Researcher Yichen Cai said: “The ideal e-skin will mimic the many natural functions of human skin, such as sensing temperature and touch, accurately and in real time.
“However, making suitably flexible electronics that can perform such delicate tasks while also enduring the bumps and scrapes of everyday life is challenging, and each material involved must be carefully engineered.”
Most e-skins are made by layering an active nanomaterial over a stretchy surface that attaches to human skin but until now results have been patchy.
The connection between these layers is often either too weak, which reduces the durability and sensitivity of the material, or too strong, causing limited flexibility and making it more likely to crack and break the circuit.
Prof Cai said: “The landscape of skin electronics keeps shifting at a spectacular pace.

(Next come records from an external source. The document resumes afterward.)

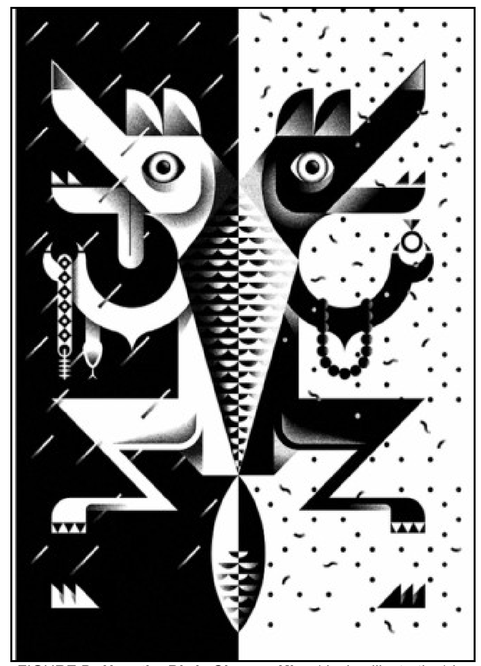
FIGURE B: How the Birds Chose a King (design illustration) by Jono Garrett (Johannesburg), 2015.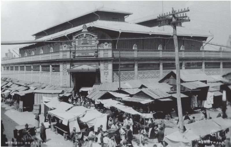
Figure 2. La Lagunilla Market, 1922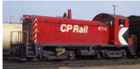
Prototype photo courtesy of Bruce Chapman.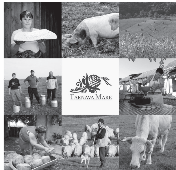
Fig. 10: Traditional local food products and branding

ADEPT's community education efforts have helped raise awareness regarding local heritage and the need for preservation of traditional rural landscapes, Saxon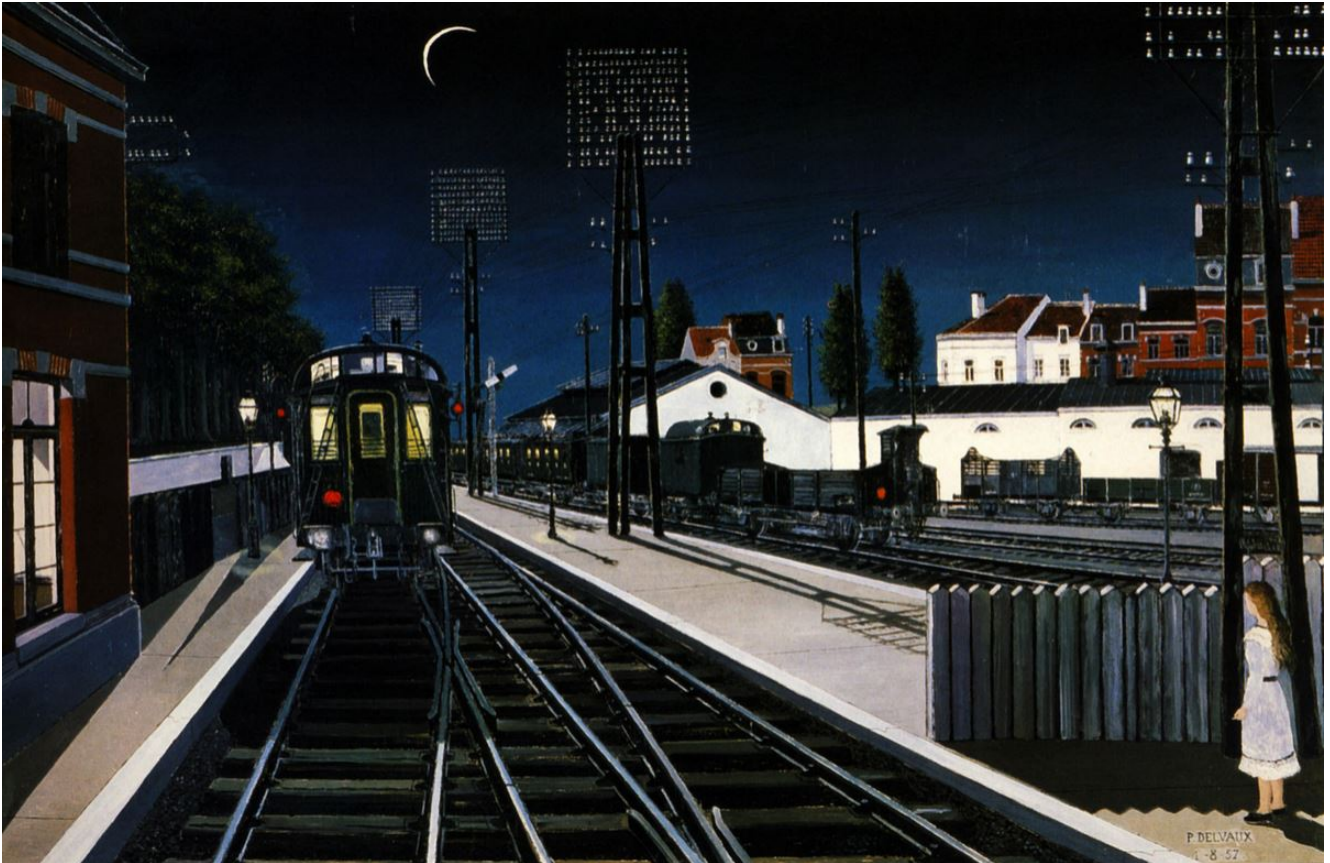
Trains du Soir , Paul Delvaux, 1957

Everything's changing, they say. But it isn't true. Nothing has really changed. They just go on being impressed by themselves and that's all. Which isn't new, either. A few words have changed—but not many of them, even. Two or three little ones here and there... —Céline, Journey to the End of the Night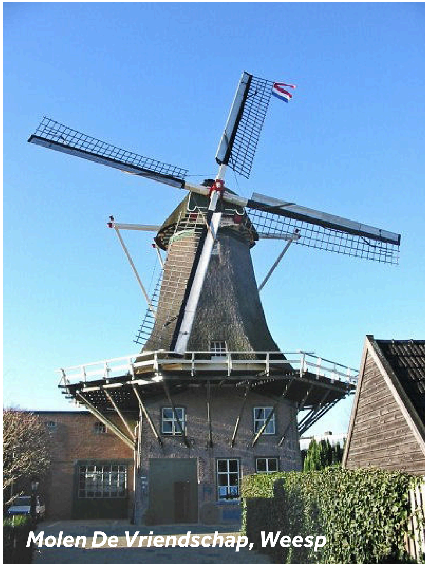
Molen De Vriendschap, Weesp

Weesp has a wealth of historic streets and attractions (stop by the tourist office for a walking map) and is famous for the having the first Dutch porcelain produced in the town, back in 1759. Nowadays, the town is renowned for Van Houten chocolate, whose factory was based in the town until 1970. The Town Hall museum “Stadhuis” now houses exhibits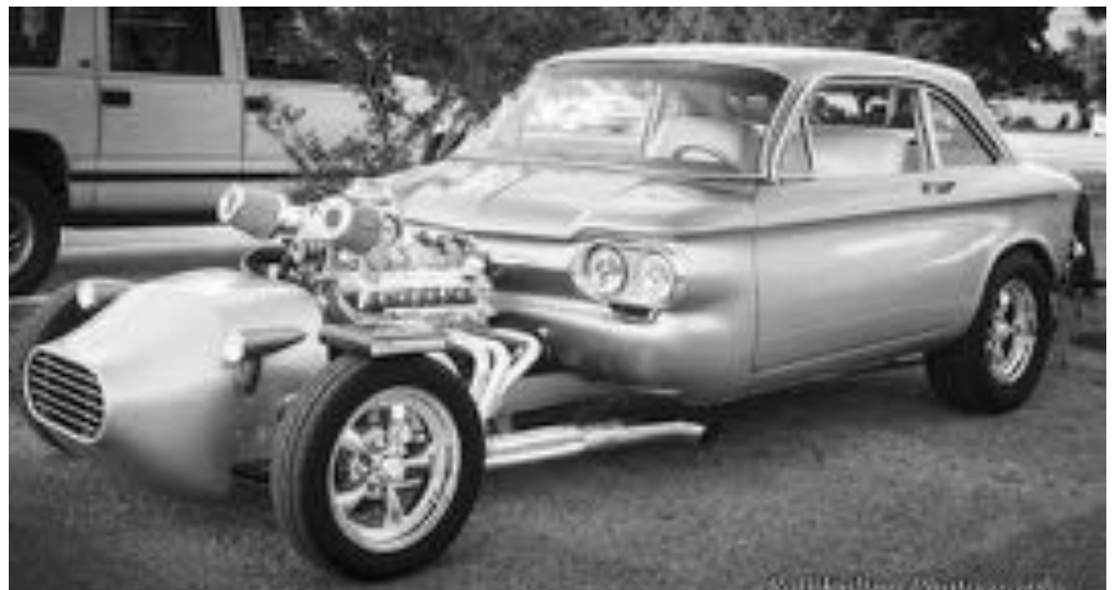
CORVAIR 'SUPER MODIFIED' OWNER . BUILDER / UNKNOWN

The famous Blackhawk Collection and Blackhawk Museum has a car show on the first Sunday of every month called Cars and Coffee . It runs from 8:00 AM till 10:00 AM when everyone either goes home or into the museum. This show is extremely well attended with a lot of family participation. It does enforce a lot of rules, no loud exhaust, squealing tires, noise, etc. What I enjoyed seeing was the participation by the younger generation. Some of it aimed at the traditional classic vehicles, some aimed at the radical and a lot of it aimed at the exotic, import and domestic vehicles. Schools in CA also recognize the need and include classes like Shop, Mechanics and Trades. The "Creative" instinct is very apparent and many of the cars are out of the ordinary but the basic components remain the same. Oh, and don't ask.... the dog wasn't doing too well by the time we left. - John O'Leary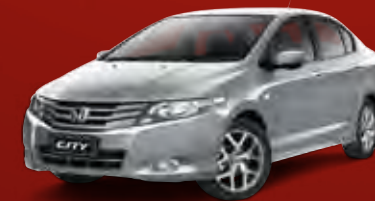
Alabaster Silver Metallic ^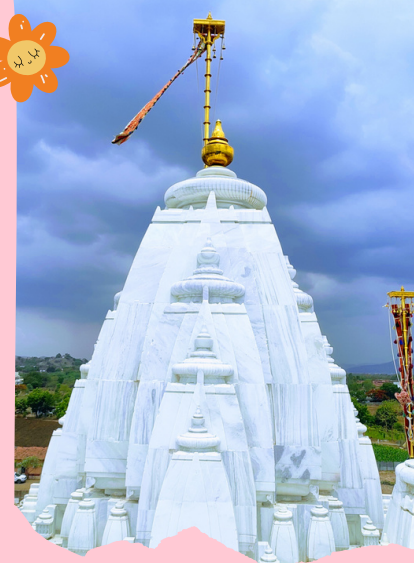
~ KHUSHI VIRA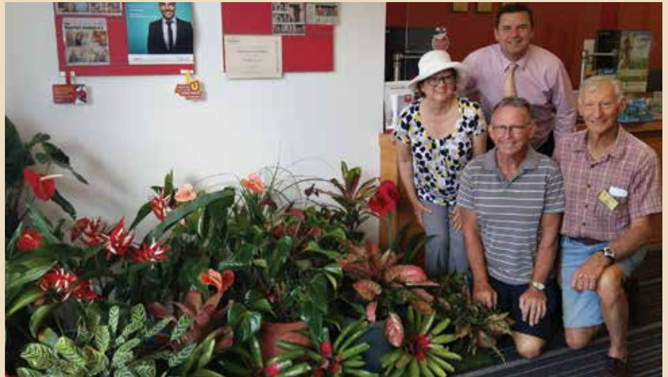
Above: The Buderim Garden Club build a garden display in branch.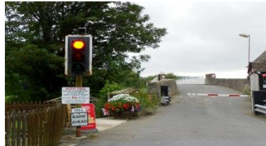
These are the lights at the Hereford end

At both ends of The Bridge (Hereford end and Hay-on-Wye end) there are traffic lights

“The emergence of 2D sensors has accelerated efforts to integrate these atomically thin, mechanically strong materials into functional, durable artificial skins.”
The team led by Prof Cai and colleague Jie Shen at Saudi Arabia’s King Abdullah University of Science and Technology believed has now created a durable e-skin using a hydrogel reinforced with silica nanoparticles and a 2D titanium carbide as the sensing layer, bound together with highly conductive nanowires.
Prof Shen said: “Hydrogels are more than 70 percent water, making them very compatible with human skin tissues.”
By pre-stretching the hydrogel in all directions, applying a layer of nanowires, and then carefully controlling its release, the researchers created conductive pathways to the sensor layer that remained intact even when the material was stretched to 28 times its original size.
Their prototype e-skin could sense objects from eight inches away, respond to stimuli in less than one tenth of a second, and when used as a pressure sensor, could distinguish handwriting written upon it.
It continued to work well after 5,000 deformations, recovering in about a quarter of a second each time.
Prof Shen said: “It is a striking achievement for an e-skin to maintain toughness after repeated use which mimics the elasticity and rapid recovery of human skin.”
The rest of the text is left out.